Task to carry out: Print nothing except the line holding "爆料网友介绍,事发地点正是公" and the lines that come after it in the material below, and leave the pictures out.
*** Dataset content ***
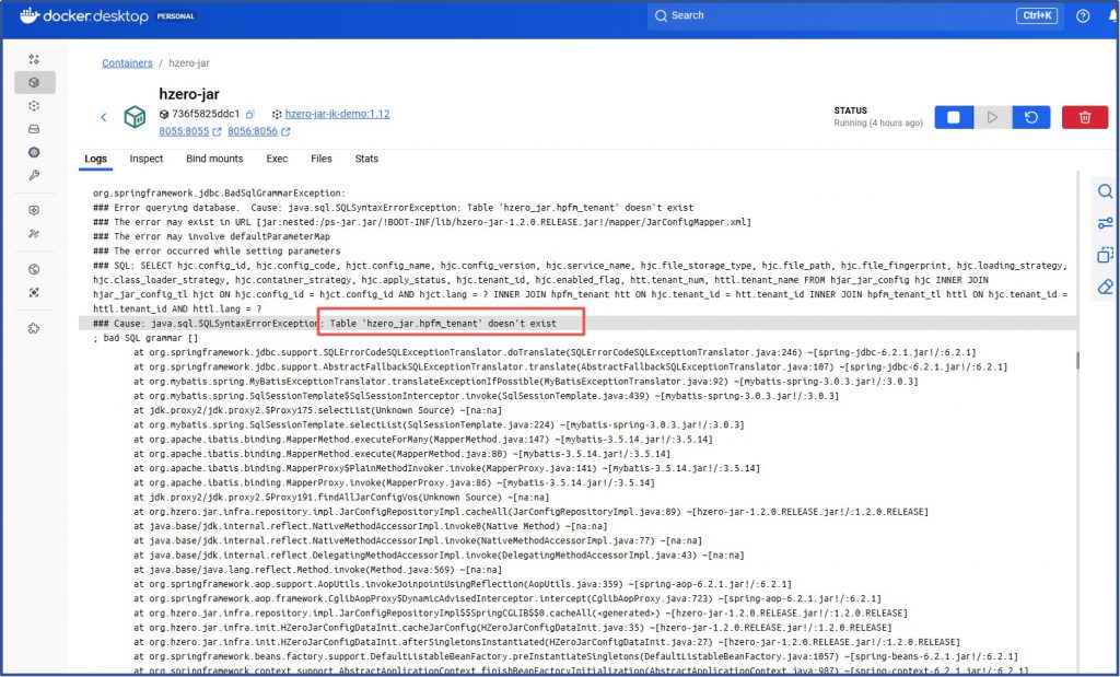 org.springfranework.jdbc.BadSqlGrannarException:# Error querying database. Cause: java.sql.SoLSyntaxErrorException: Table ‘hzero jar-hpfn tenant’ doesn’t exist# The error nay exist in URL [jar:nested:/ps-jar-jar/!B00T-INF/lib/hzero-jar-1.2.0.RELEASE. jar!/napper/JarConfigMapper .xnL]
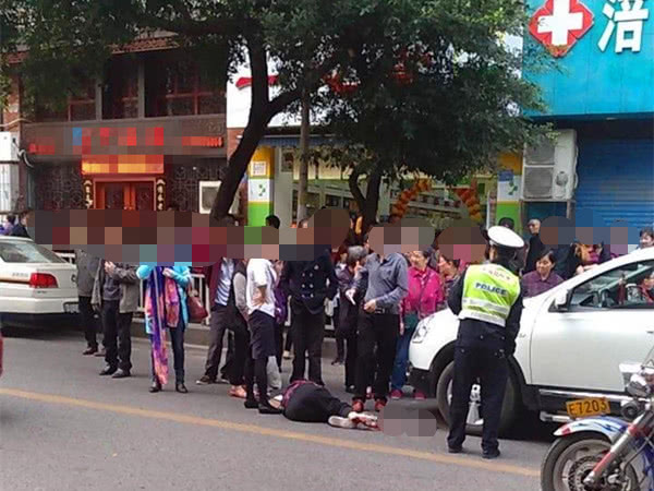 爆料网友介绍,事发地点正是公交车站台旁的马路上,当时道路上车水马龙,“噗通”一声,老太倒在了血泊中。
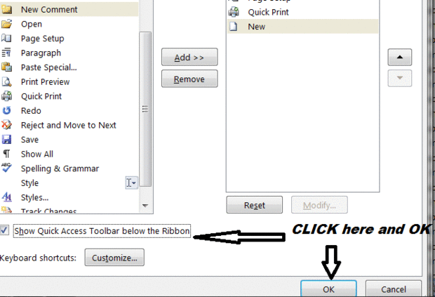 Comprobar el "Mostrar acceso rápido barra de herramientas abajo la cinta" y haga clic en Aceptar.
*** End of Dataset content ***
Solved exercise:
 爆料网友介绍,事发地点正是公交车站台旁的马路上,当时道路上车水马龙,“噗通”一声,老太倒在了血泊中。
 Comprobar el "Mostrar acceso rápido barra de herramientas abajo la cinta" y haga clic en Aceptar.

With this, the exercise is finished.